Like many outdoor enthusiasts, Betsy Swanner spent time at the lake this summer. But instead of seeking sun and waves, she was on the hunt for harmful algal blooms. Swanner, an assistant professor in the Department of Geological and Atmospheric Sciences, is investigating how iron contributes to harmful algal blooms in an effort to better understand, monitor and perhaps prevent the blooms. She said harmful algal blooms are a big environmental problem for water quality in the Midwest and across the globe. Her research hopes to understand the bloom process for further study.

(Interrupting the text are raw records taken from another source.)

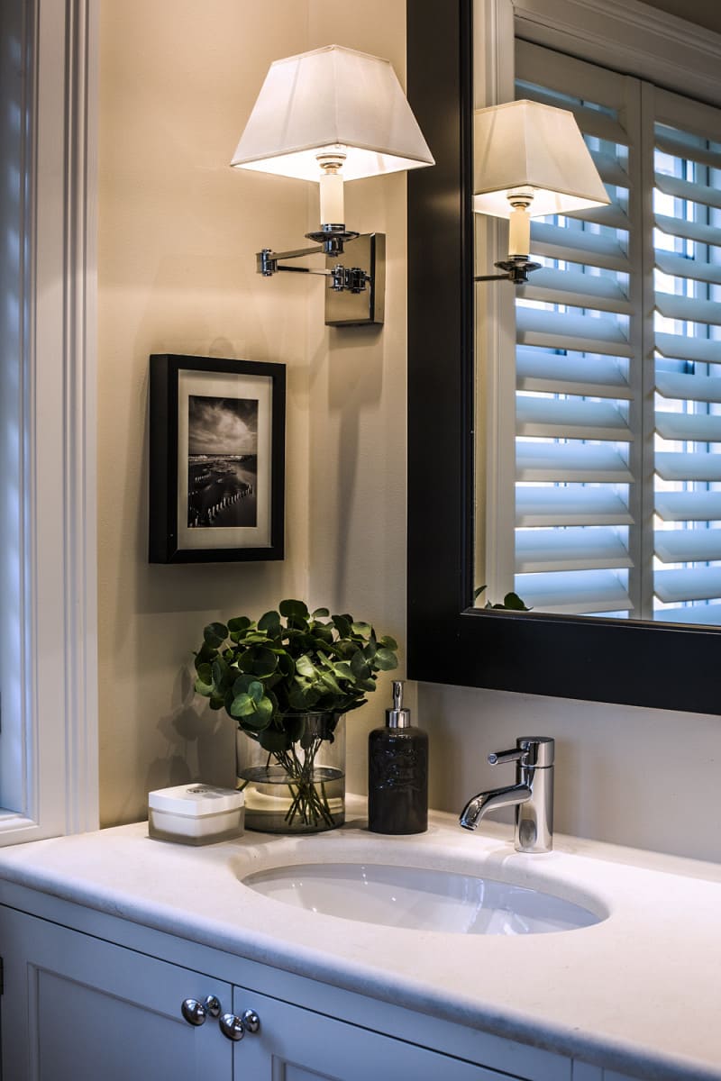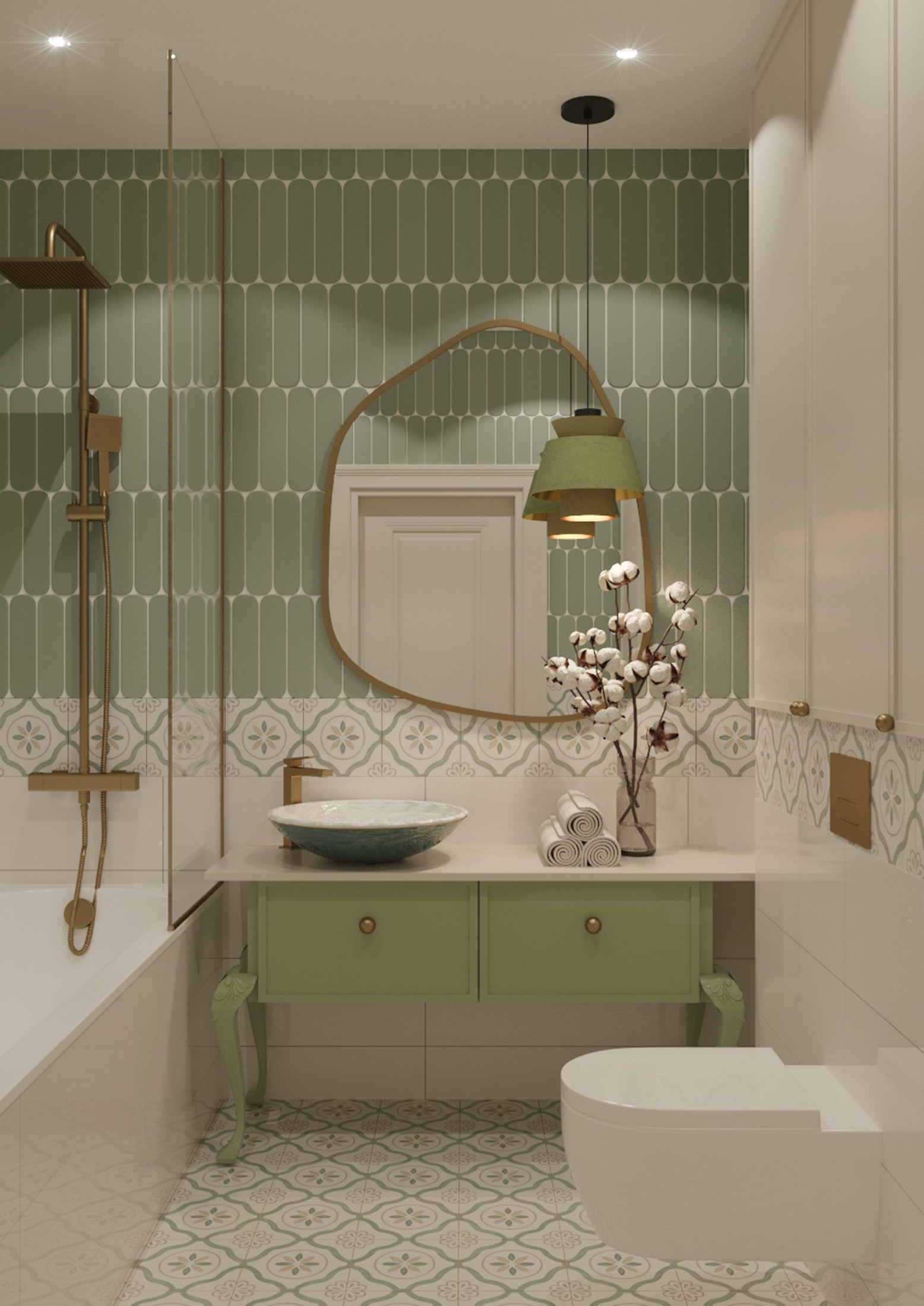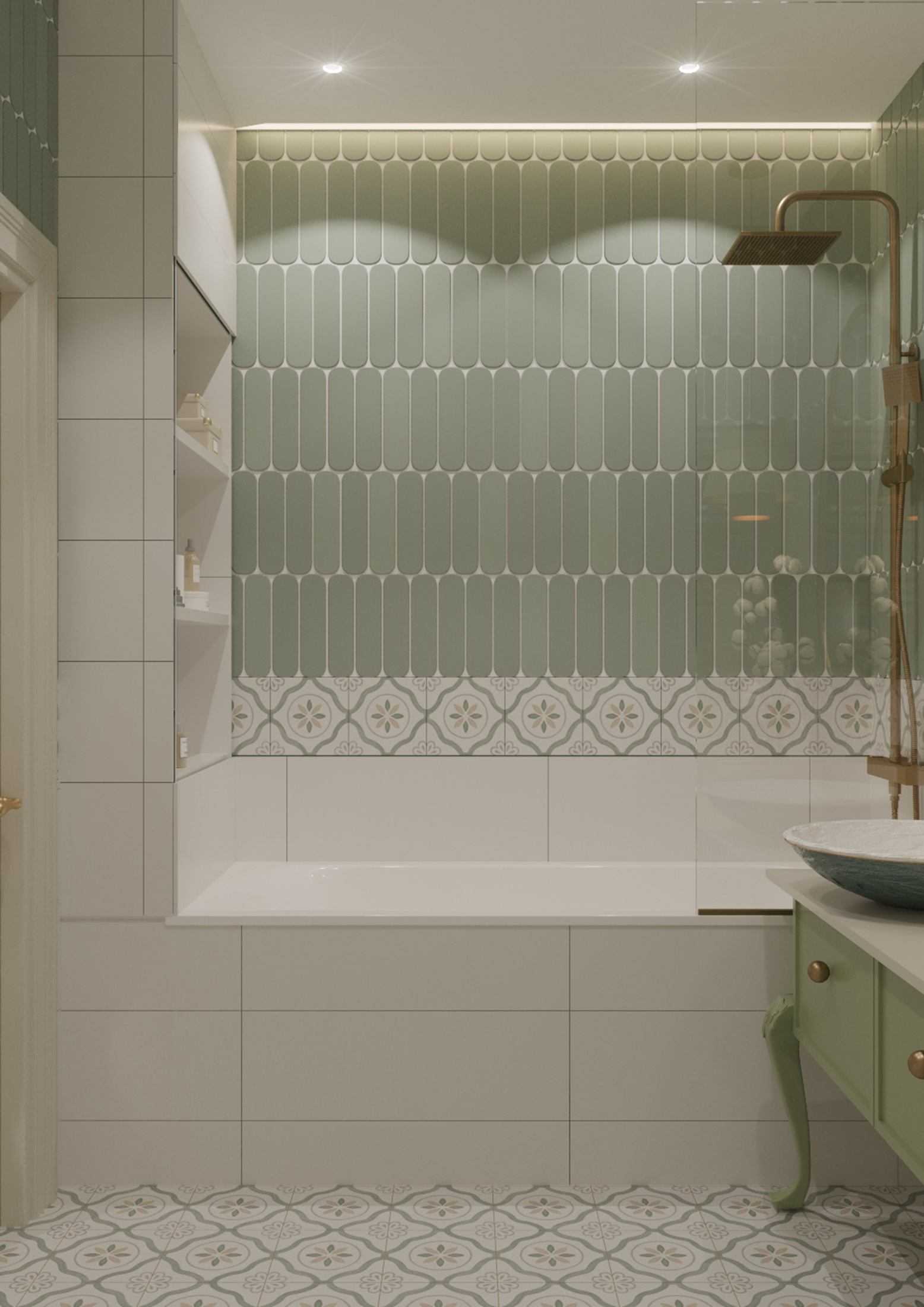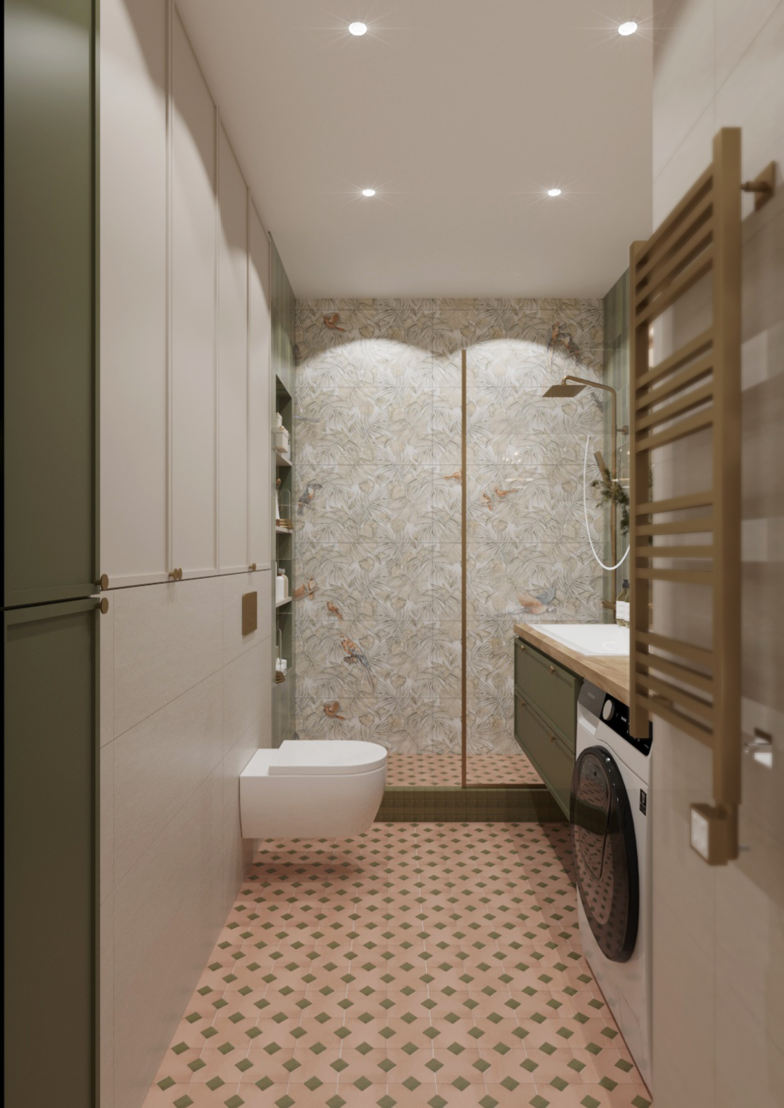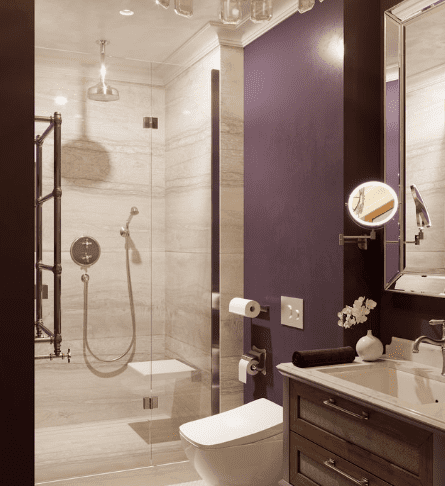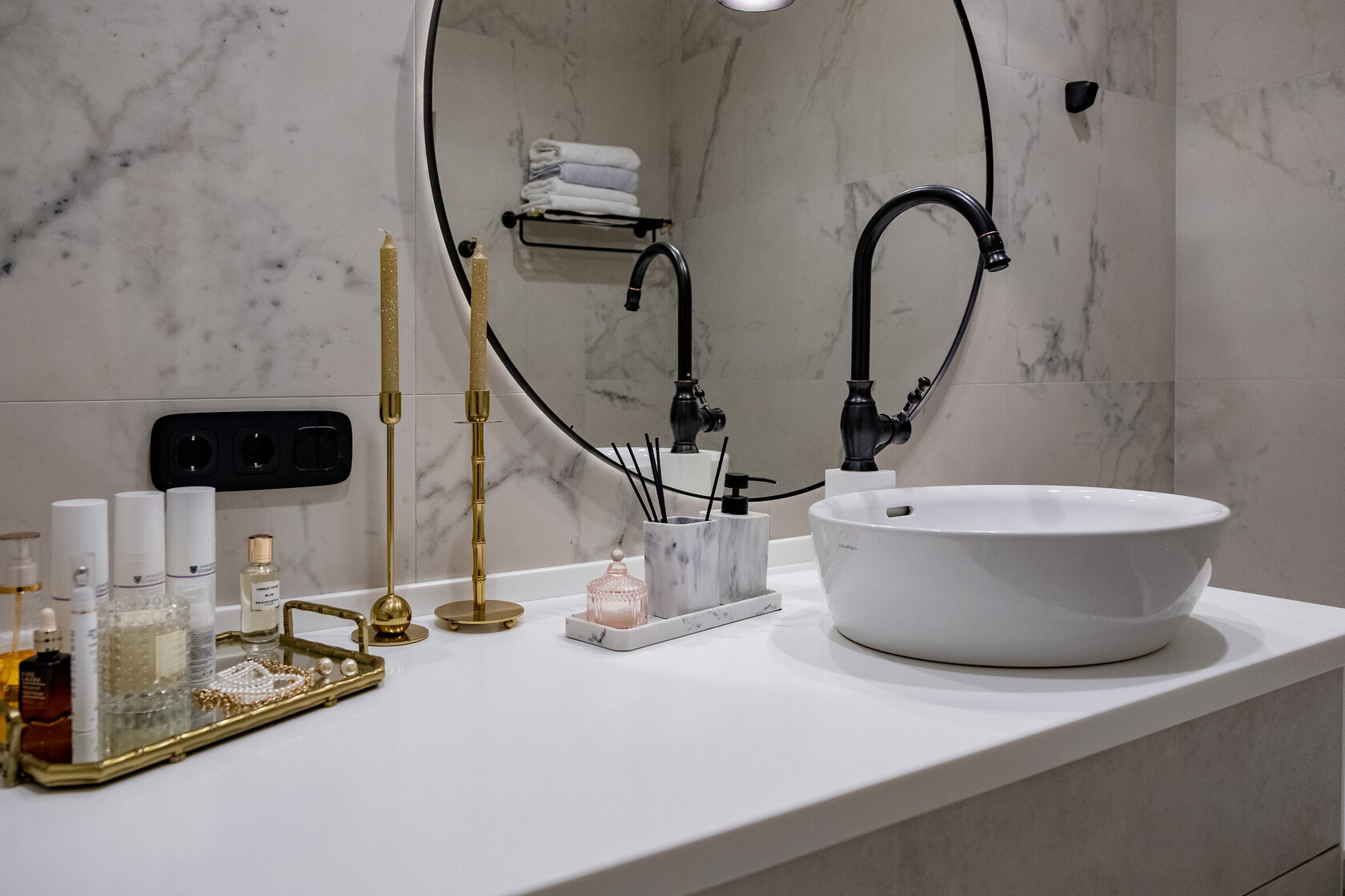 В этой квартире мы увеличили и разделили ванную комнату. Одну часть сделали для «релакса», вторую часть гостевую-бытовую, где расположили постирочную зону и скрыли необходимые коммуникации.
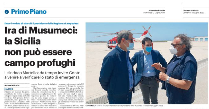Gds: “Ira di Musumeci « La Sicilia non può essere campo profughi”»
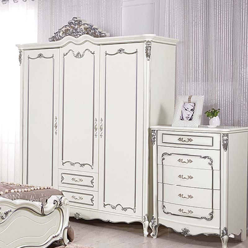 美林印象 欧式雕花三门衣柜四门衣柜环保喷漆自带抽屉衣柜f501
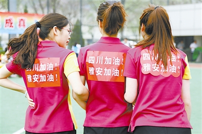 在各支参赛队伍中,四川队无疑最引人关注——每位参赛队员背上都印有“四川加油,雅安加油”的标语。“我们作为来京建设者,不能回去进行抗震救灾,但想通过这样的方式告诉雅安人民,我们在北京也一直关注着他们”,四川队领队谭骏向记者表示:“除了工作,也需要通过运动来放松自己的身心,不要总觉得自己是外来者,要有建设者的光荣感在里面,才能更好地融入北京。”
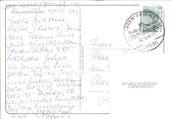72376014 alte Postkarte BADEN-BADEN BW Weltbad Schloss Spielcasino postalisch gelaufen Erhaltung siehe scans KatCode: 11110008211000
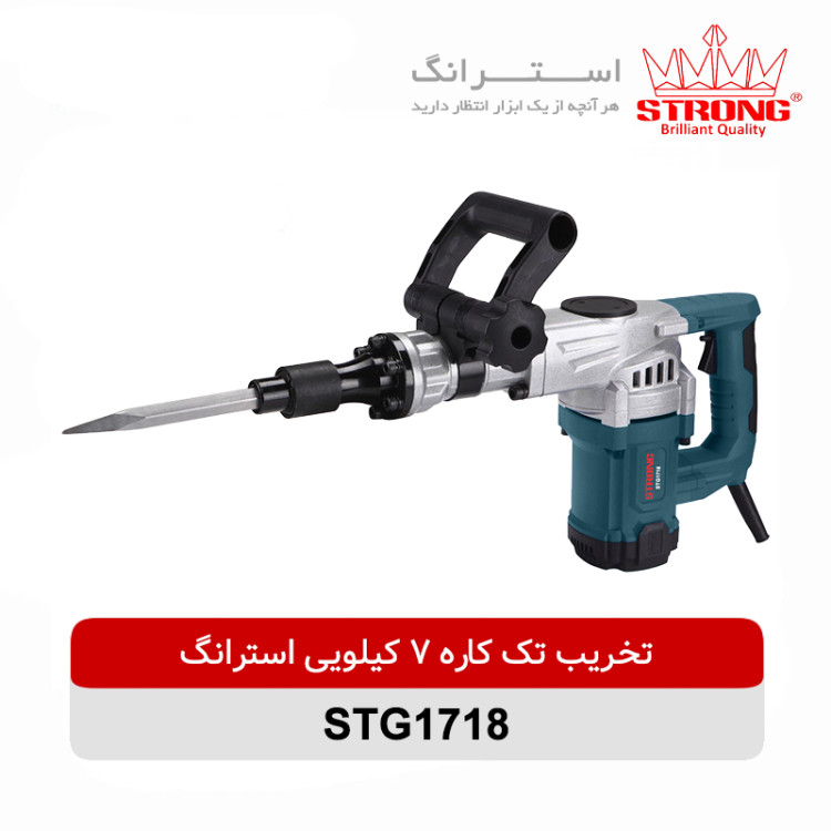 تخریب تک کاره 7 کیلویی 1300 وات استرانگ مدل STG1718 در فرکانس کاری 50 هرتز و ولتاژ 220 ولت کار میکند. حداکثر سرعت ضربه برای این بتن کن استرانگ برابر 3900 bpm است. موتور این دستگاه تخریب تک کاره با آرمیچر های با کیفیت و 100% مسی مطابق استاندارد CE اتحادیه اروپا نخ بندی شده است. دسته کمکی این محصول قابلیت چرخش 360 درجه ای را دارا میباشد همچنین مجهز به کیف بی ام سی و لوازم جانبی دیگر میباشد. قدرت ضربه برای تخریب تک کاره 7 کیلویی 1300 وات استرانگ مدل STG1718 برابر 15 ژول و قلم گیر آن 6 پر میباشد. این دستگاه مجهز به قفل کن کلید، سیستم ضد لرزش و سه نظام اتوماتیک میباشد.
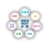 博多湾NEXT会議は,市民,市民団体,漁業関係者,企業,教育,行政など多様な主体が連携・共働し,環境・経済・社会の統合的向上に取組みながら,豊かな博多湾の環境を未来の世代に引き継いでいくことを目的とした組織です。
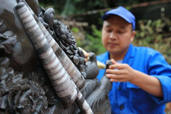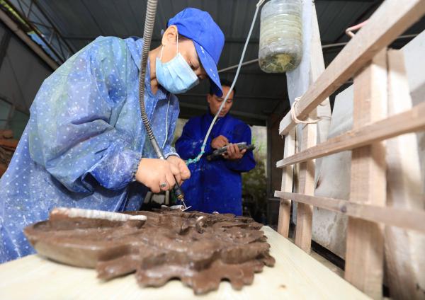 9月21日,在湖南省张家界市桑植县化石石雕生产性保护示范基地,雕刻技师对制作完工的石雕进行美化加工。
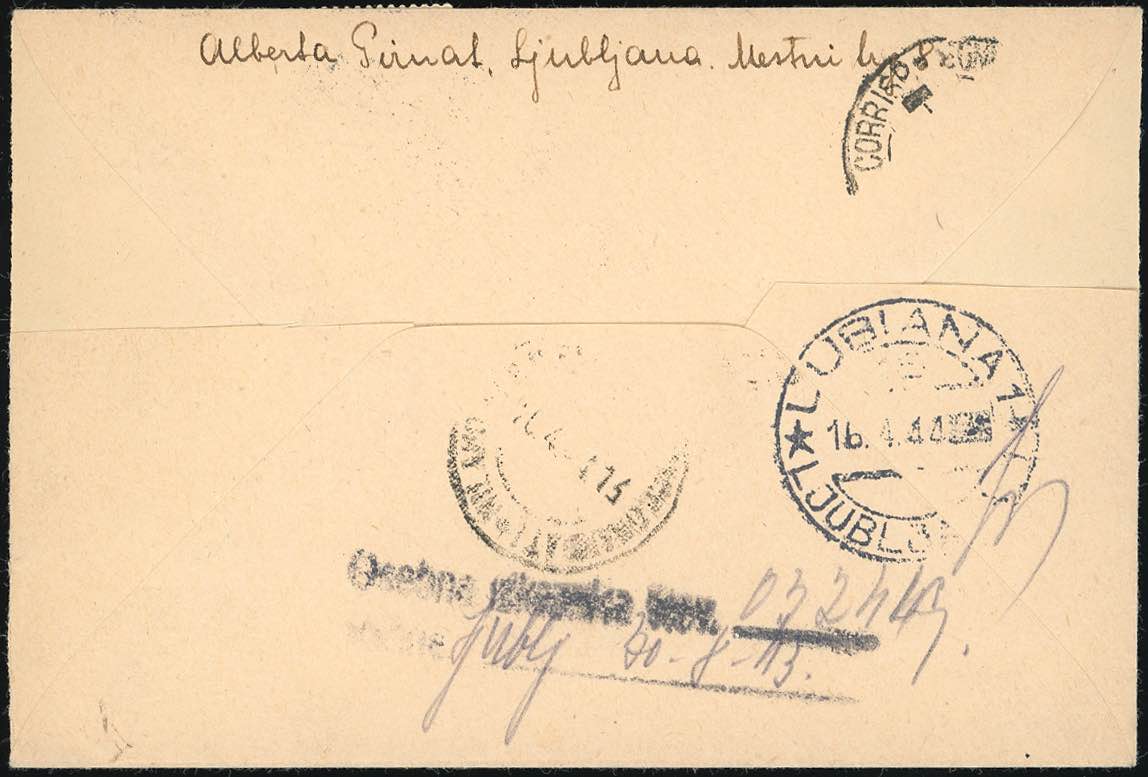 OCCUPAZIONE TEDESCA LUBIANA 1944 - 50 cent. soprastampato (8), sei esemplari, perfetti, su busta raccomandata per espresso, senza i lembi ... Leggi tutto
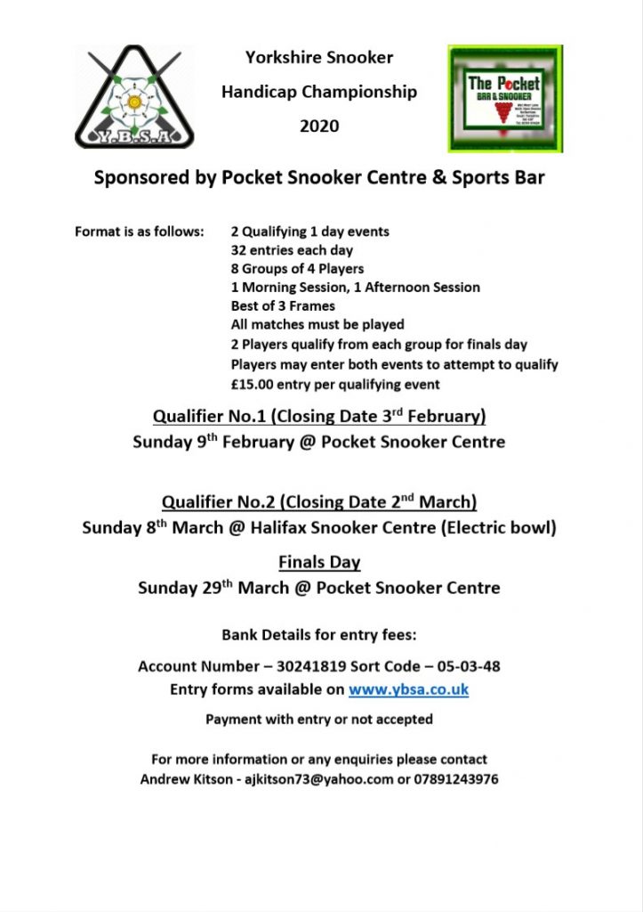 Handicap Championship 2020 News 17th January 202018th January 2020 The 2020 Yorkshire Handicap Championship entry details is now available, please see attached poster with all information provided any queries please contact Andy Kitson contact details on the poster Download handicap poster 2020
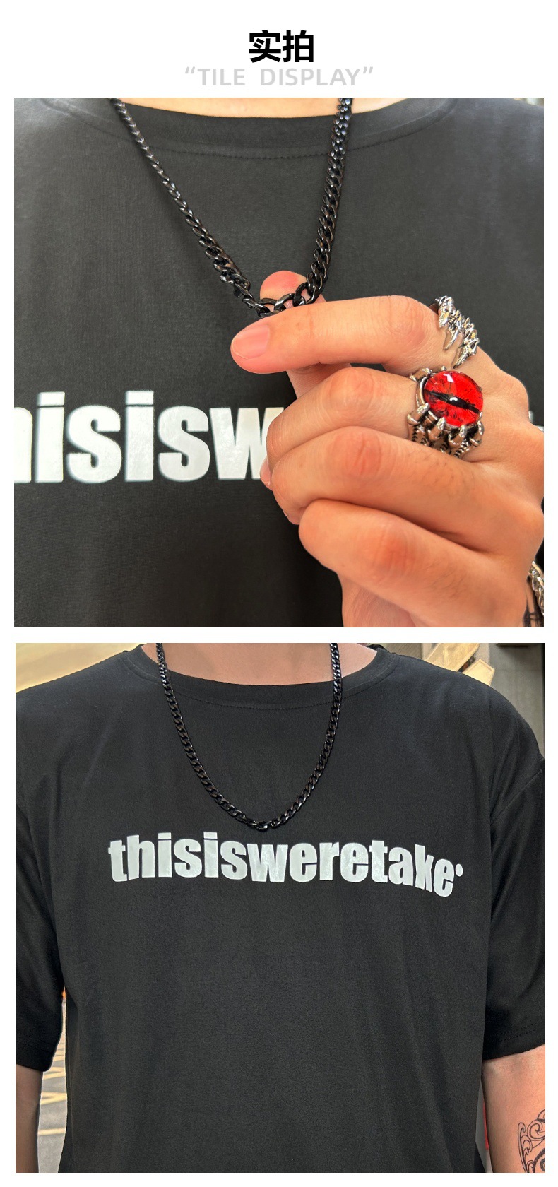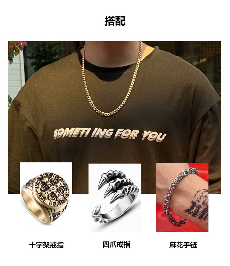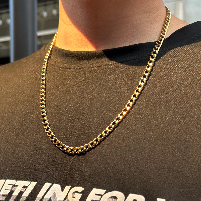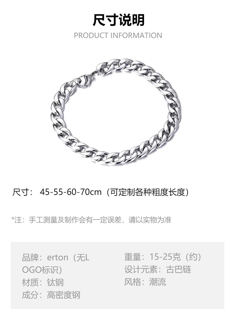 Cross-Border Hot Ornament Supply Black Paint Unilateral Cuban Link Chain Men's Titanium Steel Non-Color Changing Personality Fashion Necklace

Care for chronically ill children may suffer when parents and doctors are at odds
Parents are often thrust into the role of advocate when their child is diagnosed with a chronic illness, but see it as their responsibility to ensure their child gets the best care. Katherine Rafferty, a lecturer in psychology and communication studies, researches the challenges parents face when communicating with their child's medical team. Rafferty says if those lines of communication break down, the child’s quality of care is likely to suffer.
An adventure in Iowa arts
Joseph Alan Smith’s degree from Iowa State has given him the foundation to succeed in any creative genre. Smith (’16 performing arts) went from studying great actors at ISU to auditioning them for his very own show, including an actor from NBC’s “This Is Us” drama. His show, “Outed,” is a web TV series filmed in Iowa with support of the Iowa Arts Council. It will be released this fall online. In addition, Smith is using his training from ISU to explore additional producing roles and is developing short films to submit to film festivals.
Finding nature’s ‘backup plan’
A recent LAS study upends established models of forecasting co-extinction in complex ecosystems. The research casts new light on how biologists understand the likelihood of “co-extinction”—the extinction of one species leading to the demise of other “mutualist” species, or plants and animals that depend on one another for survival. Haldre Rogers, assistant professor in the Department of Ecology, Evolution and Organismal Biology (EEOB), said the study turned up good news that many mutualist species are not as vulnerable as once thought. “Nature seems to have some backup plans when you need them,” Rogers said.